Set MyFiles = CreateObject("Scripting.FileSystemObject")
Set MyShell = CreateObject("WScript.Shell")

datei="D:\PROJEKT\WKZ_DATEN\Schmiermittel.csv"

If SMA_FIFO_Anwahl01 = 0 Then schmierstoff = "ohne Schmieren"

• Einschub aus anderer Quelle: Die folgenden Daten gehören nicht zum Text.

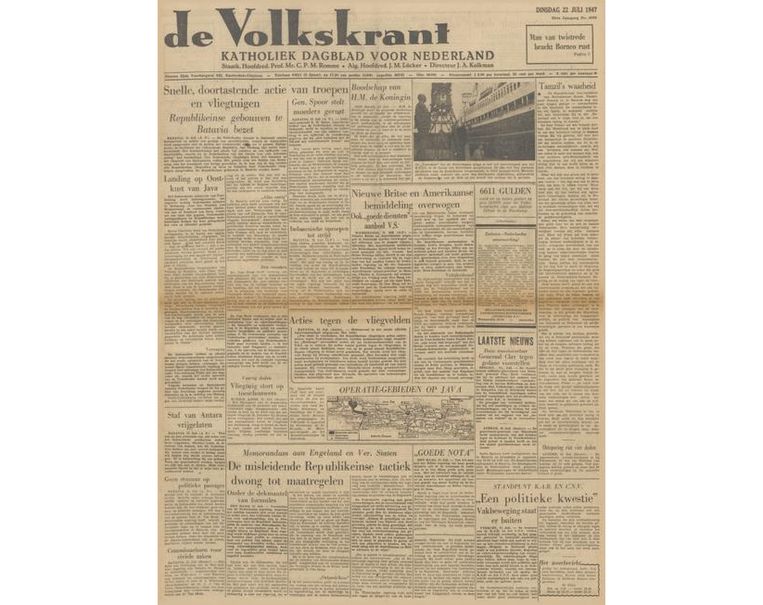 Tidak, ini bukan perang yang kita perjuangkan di Indonesia. Dan tentu saja bukan perang kolonial. Ini adalah isi dari semua pesan di de Volkskrant, dan sebagian besar surat kabar lainnya, tentang “aksi polisi” (yang pertama) di Indonesia – yang dimulai pada malam 20-21 Juli 1947 dengan gerakan ofensif oleh pasukan Belanda “di balik tirai kertas tangan”, menyarankan orang Indonesia untuk tidak Terapkan taktik bumi hangus Jika Puas dengan keberhasilan Belanda pertama, mereka pasti tidak muncul. de Volkskrant Dia menyarankan agar tidak menggunakan “jargon militer” seperti “kemenangan” atau “pengabaian”, dan bahkan berpikir meragukan bahwa retorika radio di mana Perdana Menteri Lewis Pell (KVP) mengumumkan bahwa pekerjaan polisi telah selesai dengan Wilhelmus. Ungkapan patriotisme ini hanya menimbulkan kesalahpahaman tentang niat baik Belanda di Indonesia (oleh karena itu, “Hindia Belanda” tidak lagi disebutkan).

If myfiles.FileExists (datei) Then 
	Set TextFile1 = MyFiles.OpenTextFile(datei, 8)
	textfile1.WriteLine Datum&";"&Time&";"&SMA_FIFO_WKZ_Name01&";"&SMA_FIFO_Stückzahl_Charge01&";"&schmierstoff&";"&SMA_FIFO_205_Verbrauch_01&";"&SMA_FIFO_1196_Verbrauch_01
End If

If Not myfiles.FileExists (datei) Then 
	Set TextFile1 = MyFiles.CreateTextFile(datei, true)
	textfile1.WriteLine "Datum;"&"Uhrzeit;"&"Werkzeugname;"&"Stückzahl;"&"Schmiermittel;"&"Verbrauch Sumidera 204;"&"Verbrauch Sumidera 1196"
	textfile1.WriteLine Datum&";"&Time&";"&SMA_FIFO_WKZ_Name01&";"&SMA_FIFO_Stückzahl_Charge01&";"&schmierstoff&";"&SMA_FIFO_205_Verbrauch_01&";"&SMA_FIFO_1196_Verbrauch_01
End If

PtVar."SMA_WKZ_wechsel beendet"=0

textfile1.Close

If Not myfiles.FolderExists("d:\sicher") Then MyFiles.CreateFolder("d:\sicher")
myfiles.CopyFile "D:\PROJEKT\WKZ_DATEN\Schmiermittel.csv", "d:\sicher\"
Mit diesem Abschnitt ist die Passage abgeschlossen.